Signed-off-by: Nicolas Pitre <nico@cam.org>
---
 Documentation/git-index-pack.txt |   14 ++-
 index-pack.c                     |  254 +++++++++++++++++++++++++++++++-------
 2 files changed, 224 insertions(+), 44 deletions(-)

diff --git a/Documentation/git-index-pack.txt b/Documentation/git-index-pack.txt
index db7af58..c58287d 100644
--- a/Documentation/git-index-pack.txt
+++ b/Documentation/git-index-pack.txt
@@ -8,7 +8,8 @@ git-index-pack - Build pack index file f
 
 SYNOPSIS
 --------
-'git-index-pack' [-o <index-file>] { <pack-file> | --stdin [<pack-file>] }
+'git-index-pack' [-o <index-file>] <pack-file>
+'git-index-pack' --stdin [--fix-thin] [-o <index-file>] [<pack-file>]
 
 
 DESCRIPTION
@@ -36,6 +37,17 @@ OPTIONS
 	objects/pack/ directory of the current git repository with
 	a default name determined from the pack content.
 
+--fix-thin::
+	It is possible for gitlink:git-pack-objects[1] to build
+	"thin" pack, which records objects in deltified form based on
+	objects not included in the pack to reduce network traffic.
+	Those objects are expected to be present on the receiving end
+	and they must be included in the pack for that pack to be self
+	contained and indexable. Without this option any attempt to
+	index a thin pack will fail. This option only makes sense in
+	conjonction with --stdin.
+
+
 Author
 ------
 Written by Sergey Vlasov <vsu@altlinux.ru>
diff --git a/index-pack.c b/index-pack.c
index cecdd26..9086bbf 100644
--- a/index-pack.c
+++ b/index-pack.c
@@ -8,7 +8,7 @@
 #include "tree.h"
 
 static const char index_pack_usage[] =
-"git-index-pack [-o <index-file>] { <pack-file> | --stdin [<pack-file>] }";
+"git-index-pack [-o <index-file>] { <pack-file> | --stdin [--fix-thin] [<pack-file>] }";
 
 struct object_entry
 {
@@ -33,14 +33,15 @@ union delta_base {
 
 struct delta_entry
 {
-	struct object_entry *obj;
 	union delta_base base;
+	int obj_no;
 };
 
 static struct object_entry *objects;
 static struct delta_entry *deltas;
 static int nr_objects;
 static int nr_deltas;
+static int nr_resolved_deltas;
 
 static int from_stdin;
 
@@ -50,6 +51,18 @@ static unsigned long input_offset, input
 static SHA_CTX input_ctx;
 static int input_fd, output_fd, mmap_fd;
 
+/* Discard current buffer used content. */
+static void flush()
+{
+	if (input_offset) {
+		if (output_fd >= 0)
+			write_or_die(output_fd, input_buffer, input_offset);
+		SHA1_Update(&input_ctx, input_buffer, input_offset);
+		memcpy(input_buffer, input_buffer + input_offset, input_len);
+		input_offset = 0;
+	}
+}
+
 /*
  * Make sure at least "min" bytes are available in the buffer, and
  * return the pointer to the buffer.
@@ -60,13 +73,7 @@ static void * fill(int min)

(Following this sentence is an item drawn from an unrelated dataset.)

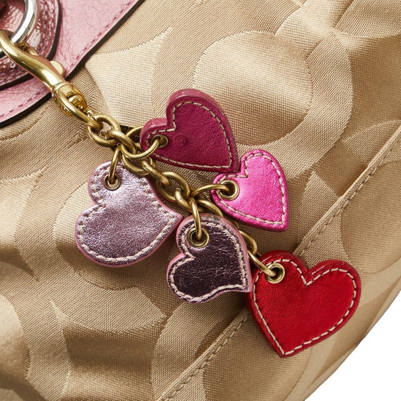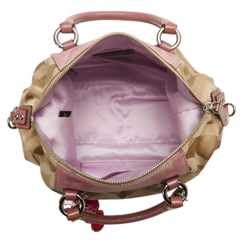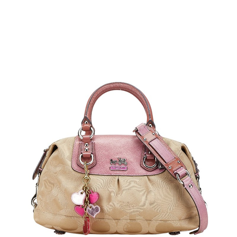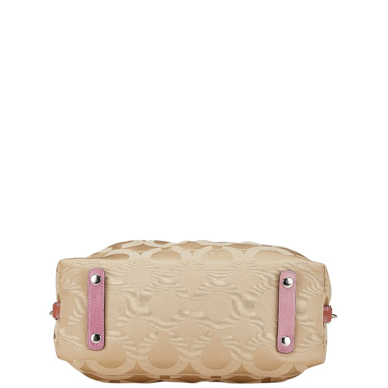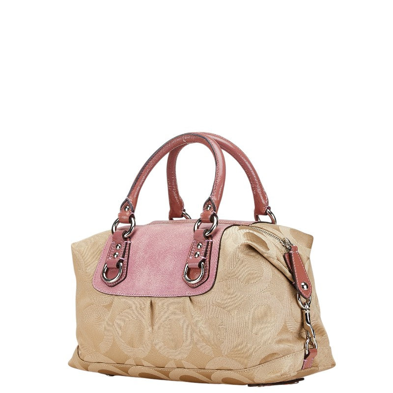 コーチ シグネチャー マディソン オプアート ハンドバッグ ショルダーバッグ 2WAY ベージュ ピンク キャンバス レザー レディース COACH 【中古】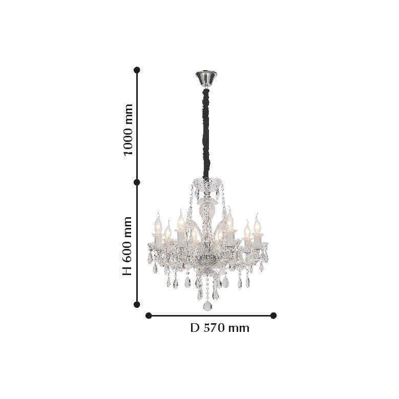 Невероятная модель 2022-8P от немецкой компании Favourite относится к коллекции Lawanda и отлично подойдет для установки на потолок в гостиной, оформленной в классическом стиле. Подвесная люстра Favourite Lawanda 2022-8P без плафонов осветит помещение площадью 17.8 кв. м. Производитель Favourite рекомендует использовать для устройства лампы накаливания с цоколем E14 и мощностью 40 W. Прибор произведен с использованием материалов: хрусталь и металл и может использоваться для натяжного потолка. Основным цветом товара является хромовый. Торопитесь сделать заказ в интернет-магазине SvetONe.

 		return input_buffer + input_offset;
 	if (min > sizeof(input_buffer))
 		die("cannot fill %d bytes", min);
-	if (input_offset) {
-		if (output_fd >= 0)
-			write_or_die(output_fd, input_buffer, input_offset);
-		SHA1_Update(&input_ctx, input_buffer, input_offset);
-		memcpy(input_buffer, input_buffer + input_offset, input_len);
-		input_offset = 0;
-	}
+	flush();
 	do {
 		int ret = xread(input_fd, input_buffer + input_len,
 				sizeof(input_buffer) - input_len);
@@ -323,10 +330,9 @@ static void sha1_object(const void *data
 	SHA1_Final(sha1, &ctx);
 }
 
-static void resolve_delta(struct delta_entry *delta, void *base_data,
+static void resolve_delta(struct object_entry *delta_obj, void *base_data,
 			  unsigned long base_size, enum object_type type)
 {
-	struct object_entry *obj = delta->obj;
 	void *delta_data;
 	unsigned long delta_size;
 	void *result;
@@ -334,29 +340,34 @@ static void resolve_delta(struct delta_e
 	union delta_base delta_base;
 	int j, first, last;
 
-	obj->real_type = type;
-	delta_data = get_data_from_pack(obj);
-	delta_size = obj->size;
+	delta_obj->real_type = type;
+	delta_data = get_data_from_pack(delta_obj);
+	delta_size = delta_obj->size;
 	result = patch_delta(base_data, base_size, delta_data, delta_size,
 			     &result_size);
 	free(delta_data);
 	if (!result)
-		bad_object(obj->offset, "failed to apply delta");
-	sha1_object(result, result_size, type, obj->sha1);
+		bad_object(delta_obj->offset, "failed to apply delta");
+	sha1_object(result, result_size, type, delta_obj->sha1);
+	nr_resolved_deltas++;
 
-	hashcpy(delta_base.sha1, obj->sha1);
+	hashcpy(delta_base.sha1, delta_obj->sha1);
 	if (!find_delta_childs(&delta_base, &first, &last)) {
-		for (j = first; j <= last; j++)
-			if (deltas[j].obj->type == OBJ_REF_DELTA)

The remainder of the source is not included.